I've been tinkering with rules to allow for auto-casting rules out of combat since "the players will succeed at their rolls eventually). While this is true, you run in 2 problems...

1) Some spells are obviously meant to be cast outside of combat (or at the very least, will make more sense to be used outside of combat) and are still very much beholden to the same spellcasting rules as other combat spells.

2) A single healer in a party will pretty much make the purchase of bandages and healing herbs unnecessary (not to mention the whole concept of catching your breath) as he can keep the party's HP full at all time.

And yet, I can understand the frustrations of players having to roll their spellchanging checks, then their spell, then their spellchanging checks again...

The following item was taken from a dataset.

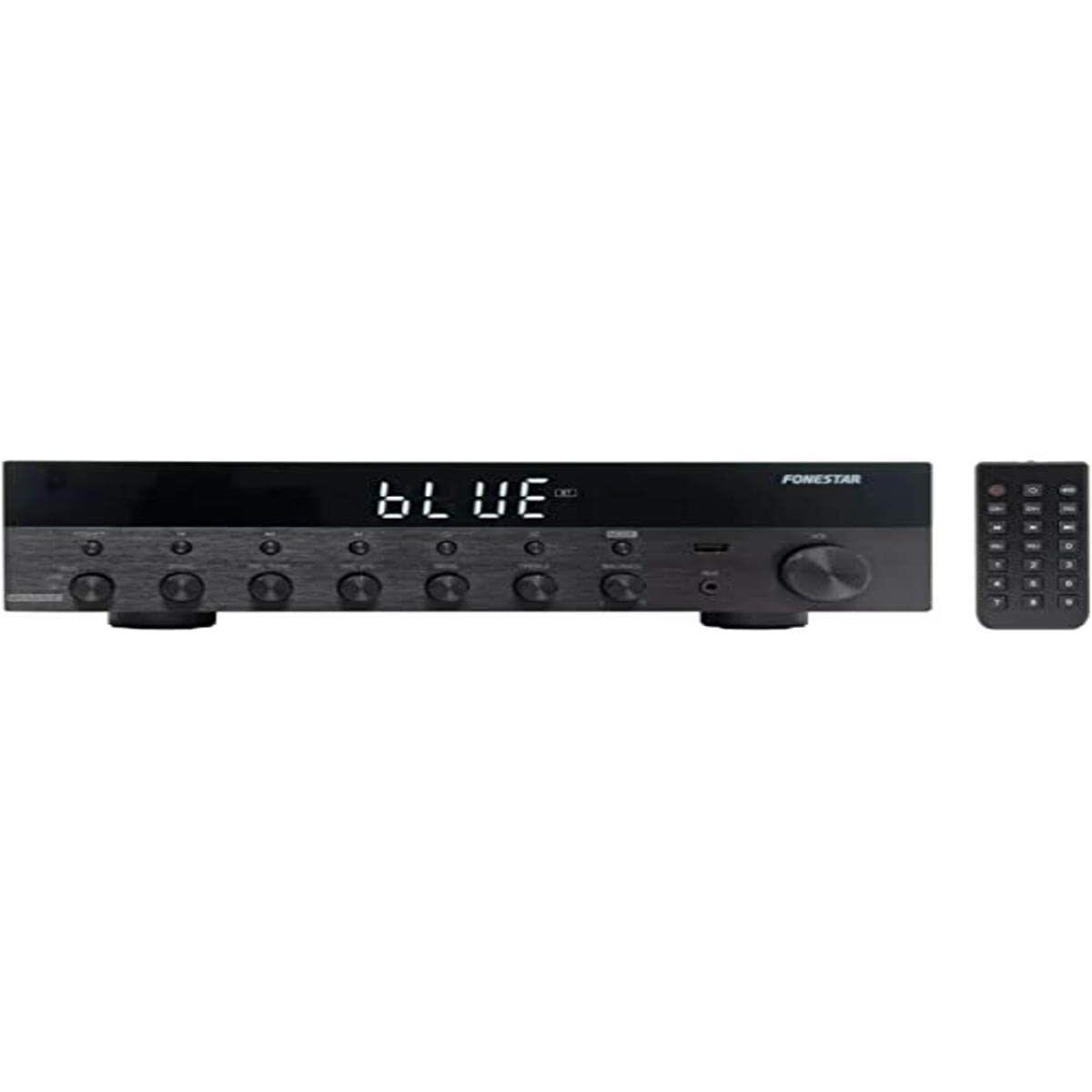 O amplificador Fonestar AS6060 é um equipamento estéreo versátil e funcional que combina potência e conectividade moderna num design compacto e elegante de cor preta. Este amplificador oferece uma potência de saída de aproximadamente 120W, adequada para amplificar sinais de áudio em diferentes ambientes, desde o lar até eventos pequenos. Entre as suas características técnicas destacam-se a conectividade Bluetooth, que permite reproduzir música sem fios a partir de dispositivos móveis, facilitando uma experiência de escuta prática e atual. O amplificador inclui ainda um ecrã incorporado que facilita a visualização da informação básica e o controlo das funções, melhorando a usabilidade e o acesso às várias opções de sintonia e reprodução. Outra função relevante é a incorporação de um rádio FM integrado, que amplia as possibilidades de uso ao oferecer acesso a estações locais sem necessidade de dispositivos adicionais. Além disso, o design deste modelo inclui altifalantes, tornando-o numa solução autónoma para amplificação e reprodução de som, ideal para quem procura um sistema completo e fácil de instalar. A operação é simples graças a um controlo com comando rotativo e um interruptor de ligar e desligar, concebidos para proporcionar uma experiência prática e acessível. A qualidade de construção, juntamente com a funcionalidade multidimensional que oferece, posiciona o Fonestar AS6060 como uma opção equilibrada para utilizadores que necessitam de um amplificador com boa potência, conectividade sem fios e características adicionais como rádio e altifalantes incorporados, tudo num equipamento que prioriza a funcionalidade e a facilidade de uso num formato compacto. Este amplificador representa um equilíbrio entre tecnologia e praticidade para quem deseja melhorar o seu sistema de som com um produto fiável e completo.

So as a compromise, I've came up with those out of combat spellcasting rules.


When outside of combat, and in relative calm (no monsters chasing the party or running away from a crumbling temple), the player can take his time to cast a spell or change spells and succeed it automatically.

The amount of time this takes equal to 30 - the check's CTN in minutes (minimum 5) for each such check made.
So for example, a Wizard with a Spellchanging check of 12 and a Detect Magic spell of 17 decides to switch from Lightning Bolt to identify a magic item found, and then back to Lightning Bolt for any future potential combat., it would take him (30-12) + (30-17) + (30-12) = 49 minutes to do so.

In case where the result has any bearing on the duration or effect of the spell, consider the player has rolled halfway from his CTN, rounded up (for example, a CTN of 5 would assume a result of 8 ). There could be the possibility of taking even more time to ensure a better result, but I haven't really made rules for that just yet...

Of course, if the player chooses, or cannot, take their time (or wish for a better result), they can always use the normal spellcasting and spellchanging rules.

To explain why spellcasting work differently out of combat can be easily done by stipulating that in combat, players are under duress and in a hurry to produce a magical effect right now (not to mention the stress of possibly dying in an encounter). Taking this into account, it would make total sense.
« Last Edit: 30. April 2017, 18:06:50 by Kalajel »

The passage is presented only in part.